MATERIAL FOR THE TASK:
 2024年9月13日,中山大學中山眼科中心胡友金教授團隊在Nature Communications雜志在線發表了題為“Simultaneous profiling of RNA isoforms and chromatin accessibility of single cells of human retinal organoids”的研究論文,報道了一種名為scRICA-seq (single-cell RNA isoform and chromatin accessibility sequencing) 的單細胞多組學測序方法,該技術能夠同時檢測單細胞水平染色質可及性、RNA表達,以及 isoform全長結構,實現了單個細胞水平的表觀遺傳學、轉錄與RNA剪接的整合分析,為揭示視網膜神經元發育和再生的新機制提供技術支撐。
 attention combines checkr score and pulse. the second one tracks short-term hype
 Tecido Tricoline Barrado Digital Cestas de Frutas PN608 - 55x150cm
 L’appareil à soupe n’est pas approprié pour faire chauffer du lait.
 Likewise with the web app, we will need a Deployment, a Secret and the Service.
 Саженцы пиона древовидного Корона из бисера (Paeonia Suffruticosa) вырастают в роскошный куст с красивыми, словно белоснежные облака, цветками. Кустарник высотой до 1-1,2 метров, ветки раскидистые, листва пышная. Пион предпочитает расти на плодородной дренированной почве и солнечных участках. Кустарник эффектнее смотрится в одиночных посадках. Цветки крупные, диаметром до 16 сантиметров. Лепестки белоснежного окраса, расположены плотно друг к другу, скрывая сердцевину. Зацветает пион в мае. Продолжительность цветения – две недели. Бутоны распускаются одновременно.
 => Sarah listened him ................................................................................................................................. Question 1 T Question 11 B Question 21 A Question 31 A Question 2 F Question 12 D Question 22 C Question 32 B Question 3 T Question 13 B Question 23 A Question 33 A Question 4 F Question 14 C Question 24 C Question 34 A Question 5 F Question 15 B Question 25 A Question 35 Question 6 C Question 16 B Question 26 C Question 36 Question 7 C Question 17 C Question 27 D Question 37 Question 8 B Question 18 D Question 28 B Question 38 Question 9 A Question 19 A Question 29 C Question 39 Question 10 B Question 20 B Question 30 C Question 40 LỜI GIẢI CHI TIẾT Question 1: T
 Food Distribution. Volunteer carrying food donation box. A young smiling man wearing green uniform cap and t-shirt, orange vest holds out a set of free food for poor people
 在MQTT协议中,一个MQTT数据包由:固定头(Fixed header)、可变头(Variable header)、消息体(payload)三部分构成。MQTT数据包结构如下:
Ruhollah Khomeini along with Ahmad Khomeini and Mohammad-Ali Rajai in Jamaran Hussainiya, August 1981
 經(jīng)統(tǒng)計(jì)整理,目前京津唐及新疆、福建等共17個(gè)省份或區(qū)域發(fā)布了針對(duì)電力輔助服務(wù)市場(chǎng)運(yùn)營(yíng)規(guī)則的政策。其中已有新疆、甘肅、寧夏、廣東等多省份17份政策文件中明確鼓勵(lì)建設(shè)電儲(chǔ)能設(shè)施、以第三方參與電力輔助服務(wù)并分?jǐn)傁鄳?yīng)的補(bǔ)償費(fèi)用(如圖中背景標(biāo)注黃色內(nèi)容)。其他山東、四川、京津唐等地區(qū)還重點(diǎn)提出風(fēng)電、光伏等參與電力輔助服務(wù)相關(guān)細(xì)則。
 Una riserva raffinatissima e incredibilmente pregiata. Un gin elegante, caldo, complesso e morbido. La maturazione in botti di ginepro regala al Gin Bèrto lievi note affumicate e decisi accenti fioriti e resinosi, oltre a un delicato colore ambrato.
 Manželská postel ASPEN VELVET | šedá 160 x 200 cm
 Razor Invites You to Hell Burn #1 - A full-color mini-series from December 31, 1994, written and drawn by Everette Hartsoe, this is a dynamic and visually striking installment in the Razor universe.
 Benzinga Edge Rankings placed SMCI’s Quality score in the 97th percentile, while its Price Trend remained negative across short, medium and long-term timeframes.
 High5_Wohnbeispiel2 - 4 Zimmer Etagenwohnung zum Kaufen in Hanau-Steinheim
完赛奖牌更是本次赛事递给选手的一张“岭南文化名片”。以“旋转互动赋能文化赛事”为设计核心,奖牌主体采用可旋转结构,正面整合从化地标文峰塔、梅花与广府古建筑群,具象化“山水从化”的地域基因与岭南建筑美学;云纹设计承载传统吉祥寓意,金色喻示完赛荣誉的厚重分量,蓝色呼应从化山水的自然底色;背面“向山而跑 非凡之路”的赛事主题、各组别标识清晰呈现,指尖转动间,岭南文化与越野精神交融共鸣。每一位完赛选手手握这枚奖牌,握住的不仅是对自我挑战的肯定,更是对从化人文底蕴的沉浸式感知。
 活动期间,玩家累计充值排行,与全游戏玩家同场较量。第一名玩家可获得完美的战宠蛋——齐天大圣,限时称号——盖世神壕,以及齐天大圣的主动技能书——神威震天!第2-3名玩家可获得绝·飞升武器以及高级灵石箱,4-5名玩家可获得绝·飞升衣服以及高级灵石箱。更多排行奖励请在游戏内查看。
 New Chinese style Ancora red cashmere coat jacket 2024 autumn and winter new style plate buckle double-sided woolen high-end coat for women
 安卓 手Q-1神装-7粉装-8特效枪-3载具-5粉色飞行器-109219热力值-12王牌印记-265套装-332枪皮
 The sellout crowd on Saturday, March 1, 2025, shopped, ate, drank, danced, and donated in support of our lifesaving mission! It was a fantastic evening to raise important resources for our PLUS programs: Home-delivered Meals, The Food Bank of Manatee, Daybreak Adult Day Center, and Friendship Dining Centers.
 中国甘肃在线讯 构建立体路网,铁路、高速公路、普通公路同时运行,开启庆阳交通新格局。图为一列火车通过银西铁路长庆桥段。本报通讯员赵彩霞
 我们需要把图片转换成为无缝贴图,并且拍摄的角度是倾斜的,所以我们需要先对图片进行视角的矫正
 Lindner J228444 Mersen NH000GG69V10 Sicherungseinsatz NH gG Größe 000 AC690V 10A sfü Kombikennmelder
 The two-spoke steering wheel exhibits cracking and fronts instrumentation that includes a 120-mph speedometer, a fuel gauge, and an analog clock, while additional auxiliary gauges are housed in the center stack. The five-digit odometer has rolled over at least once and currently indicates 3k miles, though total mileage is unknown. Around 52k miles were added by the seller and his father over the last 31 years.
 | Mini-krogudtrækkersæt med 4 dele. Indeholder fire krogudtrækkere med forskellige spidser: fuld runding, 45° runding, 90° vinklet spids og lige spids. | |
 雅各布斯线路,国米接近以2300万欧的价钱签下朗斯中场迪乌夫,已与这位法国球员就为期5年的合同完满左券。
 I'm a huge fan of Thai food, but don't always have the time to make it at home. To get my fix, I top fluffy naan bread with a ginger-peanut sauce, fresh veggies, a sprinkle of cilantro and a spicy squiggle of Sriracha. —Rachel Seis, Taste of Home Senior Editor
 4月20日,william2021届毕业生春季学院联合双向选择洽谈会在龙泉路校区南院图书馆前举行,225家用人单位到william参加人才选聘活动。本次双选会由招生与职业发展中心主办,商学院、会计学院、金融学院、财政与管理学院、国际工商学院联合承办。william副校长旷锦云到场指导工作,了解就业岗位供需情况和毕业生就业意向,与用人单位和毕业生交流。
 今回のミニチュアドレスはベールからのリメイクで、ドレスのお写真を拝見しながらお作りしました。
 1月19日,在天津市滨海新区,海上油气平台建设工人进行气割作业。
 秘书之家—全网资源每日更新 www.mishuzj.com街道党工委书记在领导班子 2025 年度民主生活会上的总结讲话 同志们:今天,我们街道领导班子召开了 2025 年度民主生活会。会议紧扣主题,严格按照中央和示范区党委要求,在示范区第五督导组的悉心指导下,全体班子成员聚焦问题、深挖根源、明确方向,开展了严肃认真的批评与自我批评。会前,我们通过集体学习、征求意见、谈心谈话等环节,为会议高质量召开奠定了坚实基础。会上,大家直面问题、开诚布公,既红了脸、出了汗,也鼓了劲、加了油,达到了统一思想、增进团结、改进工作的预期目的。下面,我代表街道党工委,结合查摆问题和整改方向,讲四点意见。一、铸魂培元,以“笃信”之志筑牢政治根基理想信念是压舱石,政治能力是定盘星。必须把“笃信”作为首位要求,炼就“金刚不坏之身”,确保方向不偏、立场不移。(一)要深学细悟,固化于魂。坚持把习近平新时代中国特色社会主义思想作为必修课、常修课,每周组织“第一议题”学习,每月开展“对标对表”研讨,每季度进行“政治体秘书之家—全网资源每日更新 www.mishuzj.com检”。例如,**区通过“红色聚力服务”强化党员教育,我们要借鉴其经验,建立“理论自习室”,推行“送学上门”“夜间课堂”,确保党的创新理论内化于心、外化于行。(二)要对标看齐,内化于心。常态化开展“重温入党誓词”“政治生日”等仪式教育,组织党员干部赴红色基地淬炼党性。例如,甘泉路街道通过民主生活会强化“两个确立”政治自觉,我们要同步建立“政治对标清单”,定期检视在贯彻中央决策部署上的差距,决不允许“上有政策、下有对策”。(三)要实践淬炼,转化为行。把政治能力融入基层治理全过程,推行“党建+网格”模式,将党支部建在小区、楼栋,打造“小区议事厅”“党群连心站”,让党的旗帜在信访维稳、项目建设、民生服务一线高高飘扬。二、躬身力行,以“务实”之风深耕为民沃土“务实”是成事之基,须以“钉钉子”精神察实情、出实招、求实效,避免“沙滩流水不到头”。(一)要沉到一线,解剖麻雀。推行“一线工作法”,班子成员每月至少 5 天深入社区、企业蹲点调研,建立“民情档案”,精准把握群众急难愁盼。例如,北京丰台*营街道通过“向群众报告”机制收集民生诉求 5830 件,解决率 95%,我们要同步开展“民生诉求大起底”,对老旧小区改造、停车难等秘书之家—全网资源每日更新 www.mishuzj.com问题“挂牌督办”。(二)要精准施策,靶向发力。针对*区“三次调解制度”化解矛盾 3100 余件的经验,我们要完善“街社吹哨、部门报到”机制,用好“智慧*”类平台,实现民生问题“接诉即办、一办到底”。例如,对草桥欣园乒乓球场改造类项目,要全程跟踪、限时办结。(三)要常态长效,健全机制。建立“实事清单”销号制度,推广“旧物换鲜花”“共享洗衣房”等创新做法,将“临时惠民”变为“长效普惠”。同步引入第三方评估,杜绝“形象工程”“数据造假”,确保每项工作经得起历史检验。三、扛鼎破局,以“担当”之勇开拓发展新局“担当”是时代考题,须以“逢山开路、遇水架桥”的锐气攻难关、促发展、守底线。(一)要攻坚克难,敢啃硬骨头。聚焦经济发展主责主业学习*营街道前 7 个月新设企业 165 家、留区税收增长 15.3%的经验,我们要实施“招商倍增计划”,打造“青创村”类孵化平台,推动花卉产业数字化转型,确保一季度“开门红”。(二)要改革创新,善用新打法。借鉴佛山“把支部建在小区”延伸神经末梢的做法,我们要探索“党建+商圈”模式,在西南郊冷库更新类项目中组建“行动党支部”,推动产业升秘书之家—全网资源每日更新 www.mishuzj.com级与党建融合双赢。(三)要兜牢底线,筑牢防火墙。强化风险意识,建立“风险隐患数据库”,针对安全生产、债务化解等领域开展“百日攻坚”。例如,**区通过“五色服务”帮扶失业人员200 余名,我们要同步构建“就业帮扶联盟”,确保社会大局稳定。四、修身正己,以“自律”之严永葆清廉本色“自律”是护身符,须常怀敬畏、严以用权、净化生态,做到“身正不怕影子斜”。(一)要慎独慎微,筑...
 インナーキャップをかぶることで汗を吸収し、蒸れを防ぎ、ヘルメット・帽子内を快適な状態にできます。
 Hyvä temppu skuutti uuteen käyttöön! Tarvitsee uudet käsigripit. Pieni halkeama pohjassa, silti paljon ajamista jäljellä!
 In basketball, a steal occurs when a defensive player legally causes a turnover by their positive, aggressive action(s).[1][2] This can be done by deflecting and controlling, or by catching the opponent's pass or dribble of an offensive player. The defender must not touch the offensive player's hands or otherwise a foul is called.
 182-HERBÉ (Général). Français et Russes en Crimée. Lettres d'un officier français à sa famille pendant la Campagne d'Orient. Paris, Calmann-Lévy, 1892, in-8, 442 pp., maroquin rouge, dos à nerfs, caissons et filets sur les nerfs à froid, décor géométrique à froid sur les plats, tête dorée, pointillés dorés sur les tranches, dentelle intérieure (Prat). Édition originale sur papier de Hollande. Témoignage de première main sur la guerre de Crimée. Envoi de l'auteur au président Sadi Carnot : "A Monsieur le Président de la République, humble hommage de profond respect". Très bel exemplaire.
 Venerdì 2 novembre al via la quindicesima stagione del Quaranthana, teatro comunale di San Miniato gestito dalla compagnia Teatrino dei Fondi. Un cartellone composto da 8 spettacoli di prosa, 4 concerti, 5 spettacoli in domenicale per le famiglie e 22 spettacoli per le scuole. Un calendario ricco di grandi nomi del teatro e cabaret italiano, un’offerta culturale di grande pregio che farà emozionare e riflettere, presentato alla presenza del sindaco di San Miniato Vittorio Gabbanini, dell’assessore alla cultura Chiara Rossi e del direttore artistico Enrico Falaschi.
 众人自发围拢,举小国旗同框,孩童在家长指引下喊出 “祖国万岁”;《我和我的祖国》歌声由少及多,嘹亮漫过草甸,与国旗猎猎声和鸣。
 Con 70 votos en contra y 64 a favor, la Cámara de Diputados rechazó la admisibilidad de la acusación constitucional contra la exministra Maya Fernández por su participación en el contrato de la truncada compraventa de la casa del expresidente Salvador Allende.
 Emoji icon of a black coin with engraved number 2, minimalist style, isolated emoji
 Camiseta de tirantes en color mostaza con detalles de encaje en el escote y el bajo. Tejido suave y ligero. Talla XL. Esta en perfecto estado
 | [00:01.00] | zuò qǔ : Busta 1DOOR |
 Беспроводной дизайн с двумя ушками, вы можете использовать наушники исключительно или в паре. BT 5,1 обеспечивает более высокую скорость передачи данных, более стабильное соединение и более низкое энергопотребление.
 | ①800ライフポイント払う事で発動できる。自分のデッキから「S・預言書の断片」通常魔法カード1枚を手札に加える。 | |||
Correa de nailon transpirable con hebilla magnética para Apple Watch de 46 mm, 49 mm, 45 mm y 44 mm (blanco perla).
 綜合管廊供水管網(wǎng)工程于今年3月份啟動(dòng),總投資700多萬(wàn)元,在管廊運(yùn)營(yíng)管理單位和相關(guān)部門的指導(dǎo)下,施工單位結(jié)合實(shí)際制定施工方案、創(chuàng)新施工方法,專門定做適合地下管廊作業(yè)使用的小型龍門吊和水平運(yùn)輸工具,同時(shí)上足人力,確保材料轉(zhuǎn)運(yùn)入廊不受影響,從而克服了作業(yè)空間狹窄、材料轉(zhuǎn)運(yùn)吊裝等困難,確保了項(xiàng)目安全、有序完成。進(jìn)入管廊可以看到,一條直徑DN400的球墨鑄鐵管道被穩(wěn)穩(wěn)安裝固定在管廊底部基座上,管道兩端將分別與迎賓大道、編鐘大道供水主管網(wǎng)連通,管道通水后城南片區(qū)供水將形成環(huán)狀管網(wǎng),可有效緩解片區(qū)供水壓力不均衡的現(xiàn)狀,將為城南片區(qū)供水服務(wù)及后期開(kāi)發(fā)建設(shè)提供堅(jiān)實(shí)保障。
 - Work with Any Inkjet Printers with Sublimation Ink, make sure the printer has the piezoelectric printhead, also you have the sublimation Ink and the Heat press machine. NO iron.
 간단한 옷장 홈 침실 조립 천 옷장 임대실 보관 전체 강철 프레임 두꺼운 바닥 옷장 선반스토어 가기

WORK TO COMPLETE: Given the records above, restate word for word only the lines starting at the one with "Emoji icon of" and ending at the one with "Correa de nailon".

RESULT BELOW:
 Emoji icon of a black coin with engraved number 2, minimalist style, isolated emoji
 Camiseta de tirantes en color mostaza con detalles de encaje en el escote y el bajo. Tejido suave y ligero. Talla XL. Esta en perfecto estado
 | [00:01.00] | zuò qǔ : Busta 1DOOR |
 Беспроводной дизайн с двумя ушками, вы можете использовать наушники исключительно или в паре. BT 5,1 обеспечивает более высокую скорость передачи данных, более стабильное соединение и более низкое энергопотребление.
 | ①800ライフポイント払う事で発動できる。自分のデッキから「S・預言書の断片」通常魔法カード1枚を手札に加える。 | |||
Correa de nailon transpirable con hebilla magnética para Apple Watch de 46 mm, 49 mm, 45 mm y 44 mm (blanco perla).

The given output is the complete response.